Work to complete
When copying the data below, keep only the lines from the one with "- 将素材从素材区拖到时间轴轨道上,就可以开始编辑了" through the one with "黄金升至历史新高,因美国总统", word for word, and skip the pictures.

Dataset records

********************

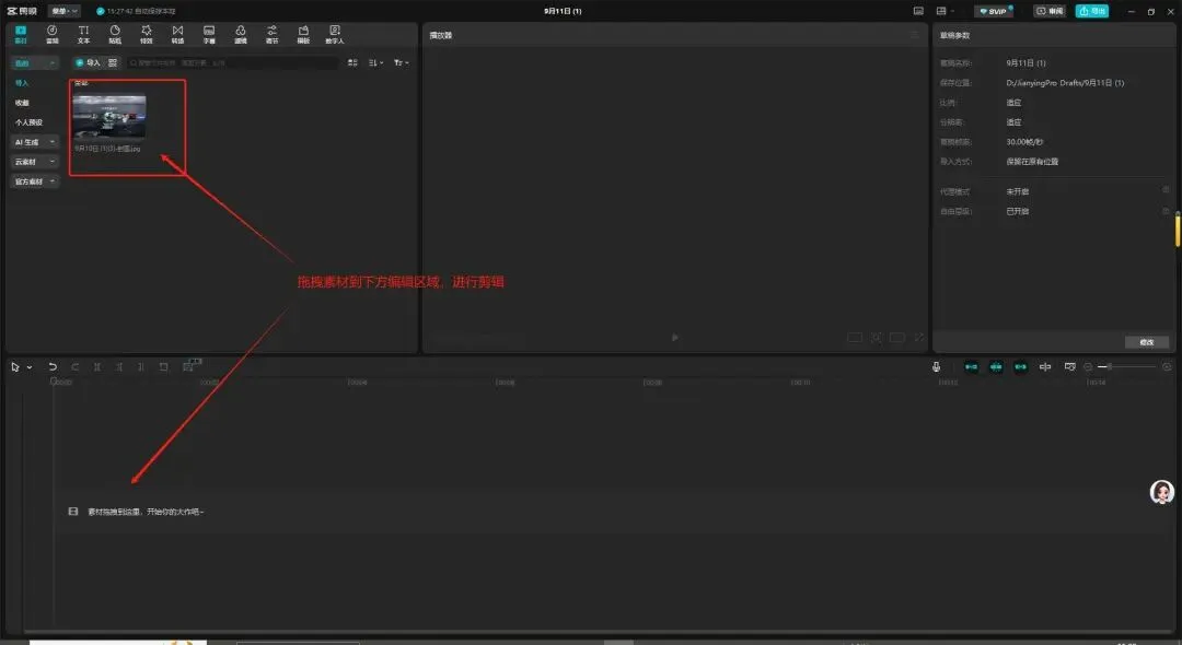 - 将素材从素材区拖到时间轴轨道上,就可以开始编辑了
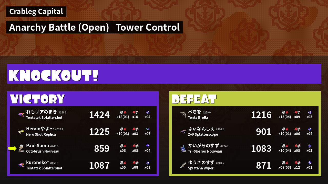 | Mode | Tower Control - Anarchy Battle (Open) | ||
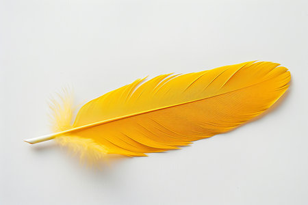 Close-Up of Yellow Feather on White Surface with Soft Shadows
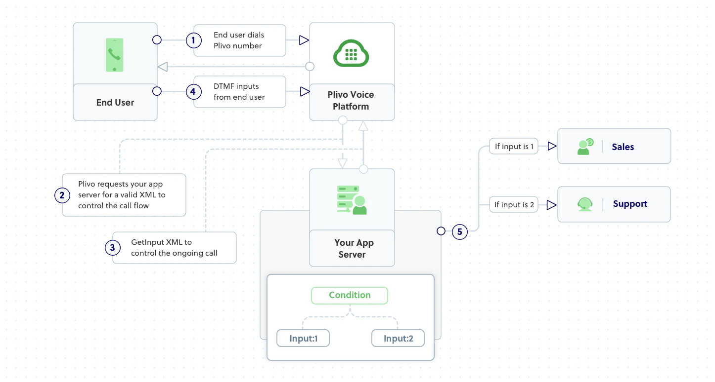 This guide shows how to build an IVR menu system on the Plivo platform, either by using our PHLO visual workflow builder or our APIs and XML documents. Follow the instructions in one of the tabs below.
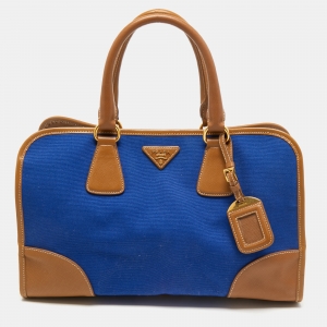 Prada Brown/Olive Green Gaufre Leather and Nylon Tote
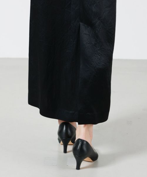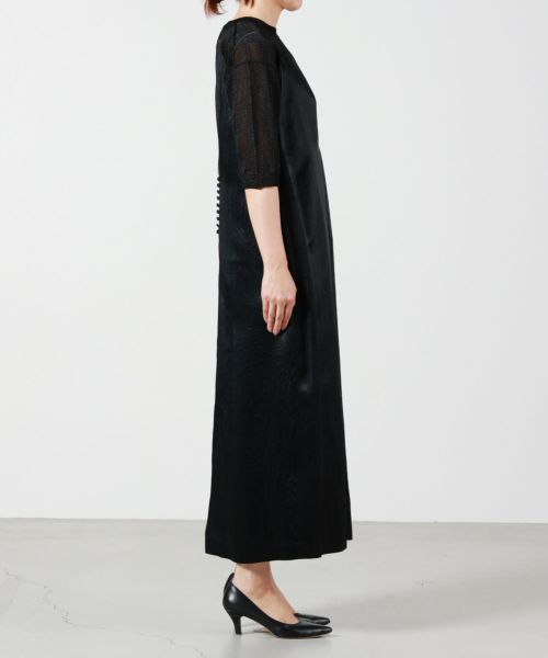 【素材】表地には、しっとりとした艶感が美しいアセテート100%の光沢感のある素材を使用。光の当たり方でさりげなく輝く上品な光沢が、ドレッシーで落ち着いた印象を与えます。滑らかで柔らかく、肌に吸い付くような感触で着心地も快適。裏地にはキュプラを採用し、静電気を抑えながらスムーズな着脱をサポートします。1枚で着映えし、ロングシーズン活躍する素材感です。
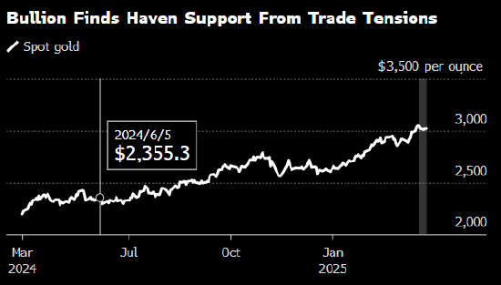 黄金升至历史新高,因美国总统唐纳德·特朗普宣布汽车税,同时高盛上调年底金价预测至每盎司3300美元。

********************

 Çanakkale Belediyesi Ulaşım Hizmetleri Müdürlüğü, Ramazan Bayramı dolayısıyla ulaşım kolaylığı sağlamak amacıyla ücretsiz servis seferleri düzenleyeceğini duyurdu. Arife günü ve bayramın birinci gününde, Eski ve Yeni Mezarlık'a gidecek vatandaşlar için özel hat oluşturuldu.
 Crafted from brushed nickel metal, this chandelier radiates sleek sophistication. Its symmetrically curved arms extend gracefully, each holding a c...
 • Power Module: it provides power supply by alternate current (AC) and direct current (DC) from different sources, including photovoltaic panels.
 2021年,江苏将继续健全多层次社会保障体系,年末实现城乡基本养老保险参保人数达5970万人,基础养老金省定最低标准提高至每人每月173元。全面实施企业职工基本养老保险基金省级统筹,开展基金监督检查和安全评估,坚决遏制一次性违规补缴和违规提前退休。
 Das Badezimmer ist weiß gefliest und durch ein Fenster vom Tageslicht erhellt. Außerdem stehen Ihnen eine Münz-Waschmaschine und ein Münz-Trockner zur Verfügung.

********************

Task output
 - 将素材从素材区拖到时间轴轨道上,就可以开始编辑了
 | Mode | Tower Control - Anarchy Battle (Open) | ||
 Close-Up of Yellow Feather on White Surface with Soft Shadows
 This guide shows how to build an IVR menu system on the Plivo platform, either by using our PHLO visual workflow builder or our APIs and XML documents. Follow the instructions in one of the tabs below.
 Prada Brown/Olive Green Gaufre Leather and Nylon Tote
 【素材】表地には、しっとりとした艶感が美しいアセテート100%の光沢感のある素材を使用。光の当たり方でさりげなく輝く上品な光沢が、ドレッシーで落ち着いた印象を与えます。滑らかで柔らかく、肌に吸い付くような感触で着心地も快適。裏地にはキュプラを採用し、静電気を抑えながらスムーズな着脱をサポートします。1枚で着映えし、ロングシーズン活躍する素材感です。
 黄金升至历史新高,因美国总统唐纳德·特朗普宣布汽车税,同时高盛上调年底金价预测至每盎司3300美元。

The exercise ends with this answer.